§ Dataset section:
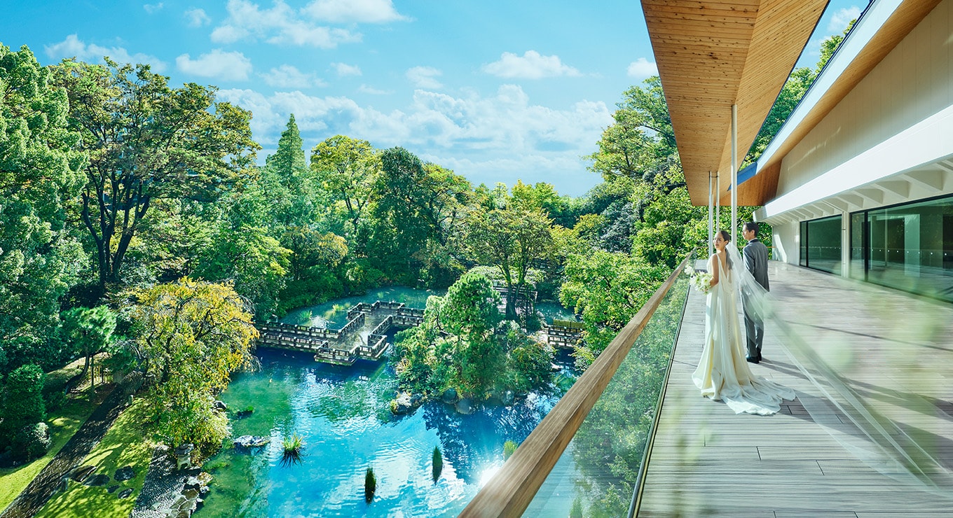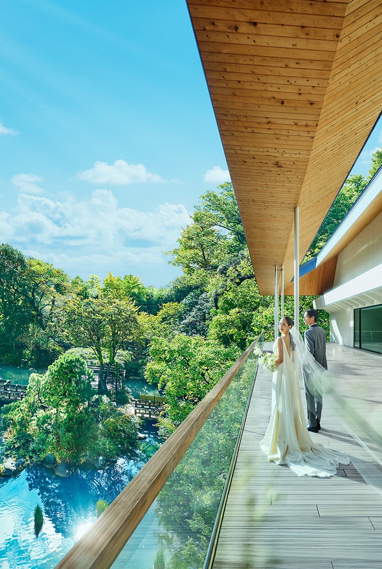 都心でありながら自然と静寂が包む一万坪の日本庭園を望む大きなルーフトップ。
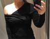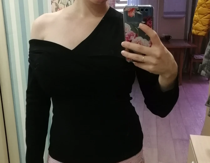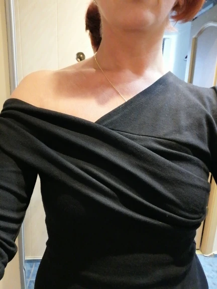 I really liked the idea of the model, the order is made in 25 days, the fabric is tight jersey in a fine hem, and to the touch soft slightly with a velor "plaque" that is, but the color is not deep black, when hand washing shed, there is a suspicion that it will become lighter after several machine washings, although... the weather is still warm, did not wear, But at the first fitting i realized that i would have to regularly correct it, i do not know what the difference of the same model in this store with a lower price..., maybe the fabric is simpler, the seams are smooth and neat, but in places, small threads stick out, at their 154 growth, 59 kg, Og 98 and shoulders 39 i took l, sits well, not long-to the upper bone of the hips... took for 1140, now the chic price is 620 rubles. I think... thank you! I recommend!
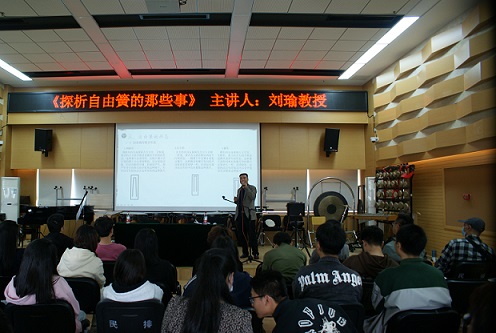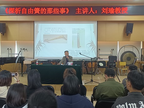 首先,刘瑜教授从自由簧的产生开始讲解,并通过史书、考古的实记、图解等充分说明了自由簧的发展历史,增加了在座学生对中国传统文化的自信心。
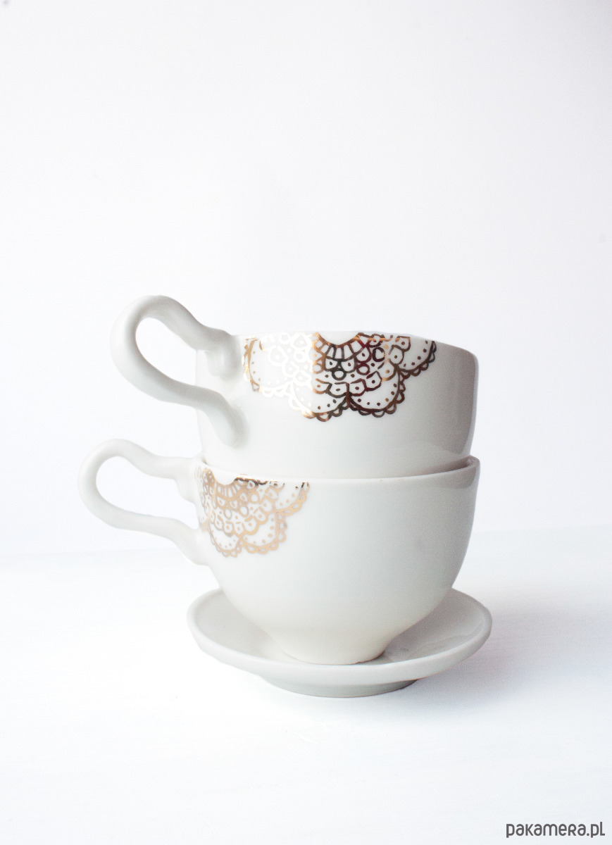 Filiżanki będą wspaniałym prezentem i ozdobą każdego stołu. Dobrze komponują się z koronkowymi serwetkami.

§ The task:
Drop the pictures, then write out only the lines running from the one containing "首先,刘瑜教授从自由簧的产生" through the last line above, both included, exactly.

§ Answer to the exercise:
 首先,刘瑜教授从自由簧的产生开始讲解,并通过史书、考古的实记、图解等充分说明了自由簧的发展历史,增加了在座学生对中国传统文化的自信心。
 Filiżanki będą wspaniałym prezentem i ozdobą każdego stołu. Dobrze komponują się z koronkowymi serwetkami.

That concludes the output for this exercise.